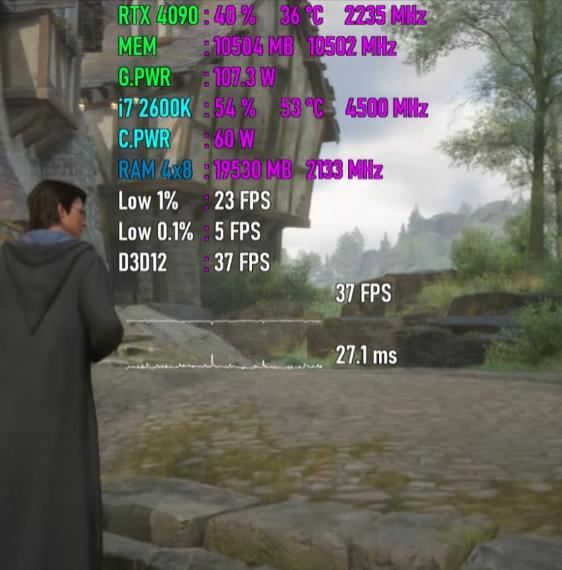 平均帧速为37 fps,最低瞬时帧速为23 fps,帧时间为27.1ms,cpu使用率为54%,功耗为60w,温度为53度,内存使用量为19.5gb,gpu使用率为40%,显存使用量为10.5gb,功耗为107w,温度为36度。
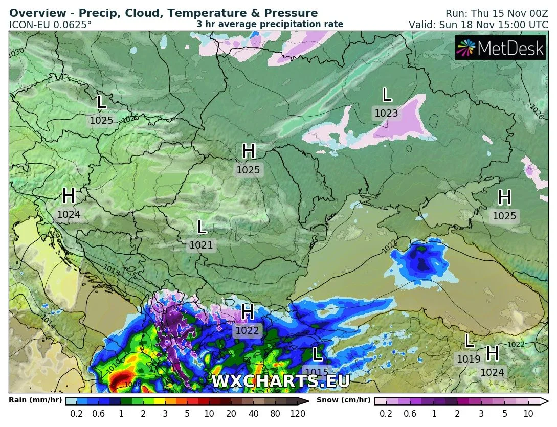 В неделя ще се затопля с около 1 градус и от югозапад ще започват значителни валежи от дъжд и снеговалежи над 1200-1600 м. Вятърът ще се усили и ще се преориентира от югоизток със скорост 3-5 м/с, а над 1500 м – до 12-15 м/с. Късният следобед валежите в цяла Западна България, дори в равнините, ще са от сняг, дъжд ще вали само в крайните североизточни райони, Централна и Източна България.
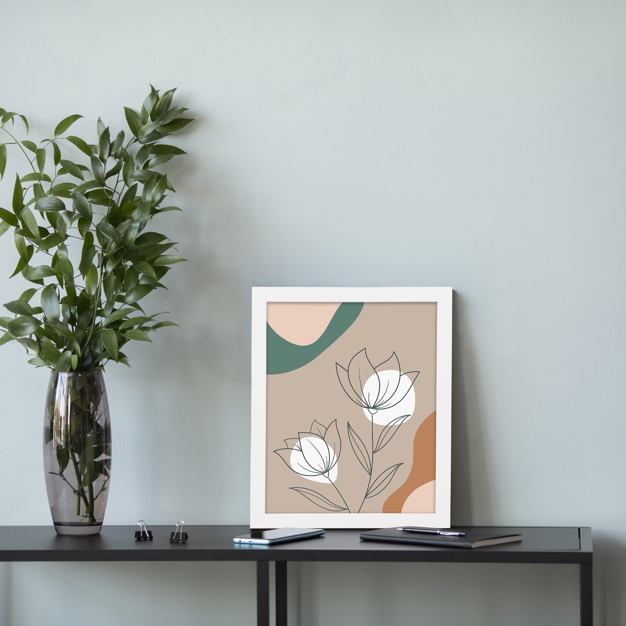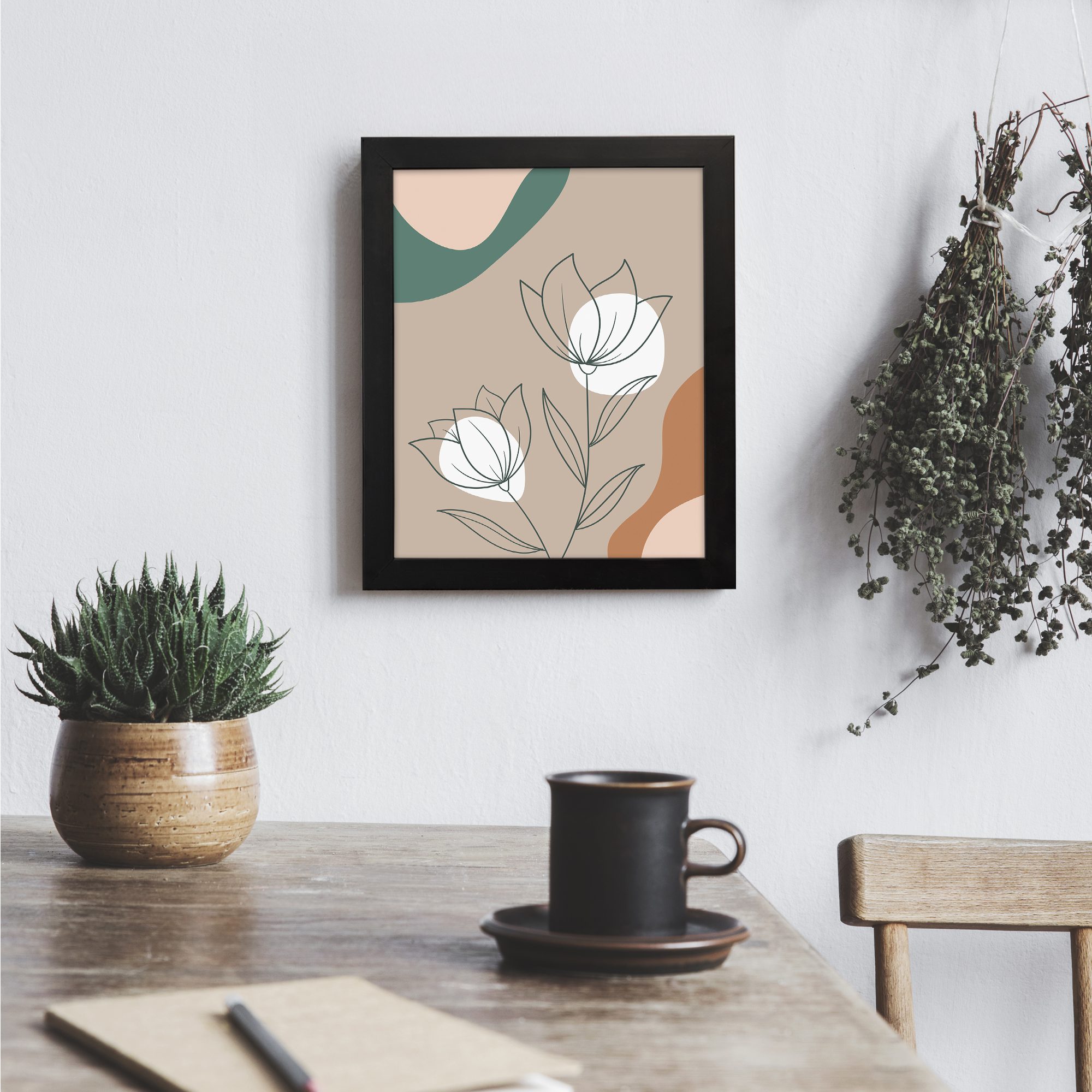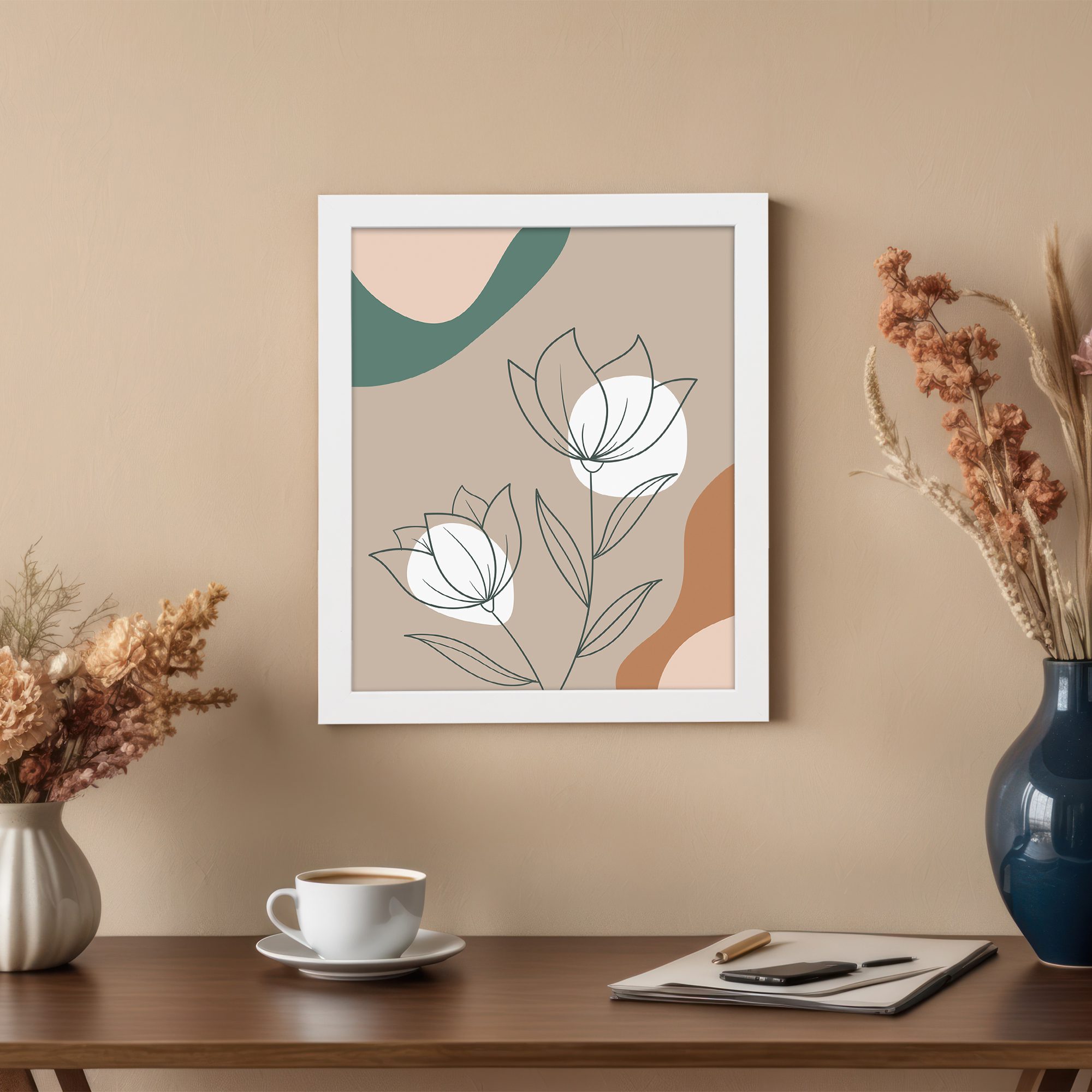 Bring a soft and elegant touch to your space with our Minimalist Wall Art. This design features two floral line art illustrations combined with flowing abstract shapes in the background. The composition is clean and well-balanced, creating a calm and modern aesthetic.

- _Work required_: The lines running from the one with "В неделя ще" to the close of the material above are to be retyped exactly; no picture is to be included.

- _Completed task_:
 В неделя ще се затопля с около 1 градус и от югозапад ще започват значителни валежи от дъжд и снеговалежи над 1200-1600 м. Вятърът ще се усили и ще се преориентира от югоизток със скорост 3-5 м/с, а над 1500 м – до 12-15 м/с. Късният следобед валежите в цяла Западна България, дори в равнините, ще са от сняг, дъжд ще вали само в крайните североизточни райони, Централна и Източна България.
 Bring a soft and elegant touch to your space with our Minimalist Wall Art. This design features two floral line art illustrations combined with flowing abstract shapes in the background. The composition is clean and well-balanced, creating a calm and modern aesthetic.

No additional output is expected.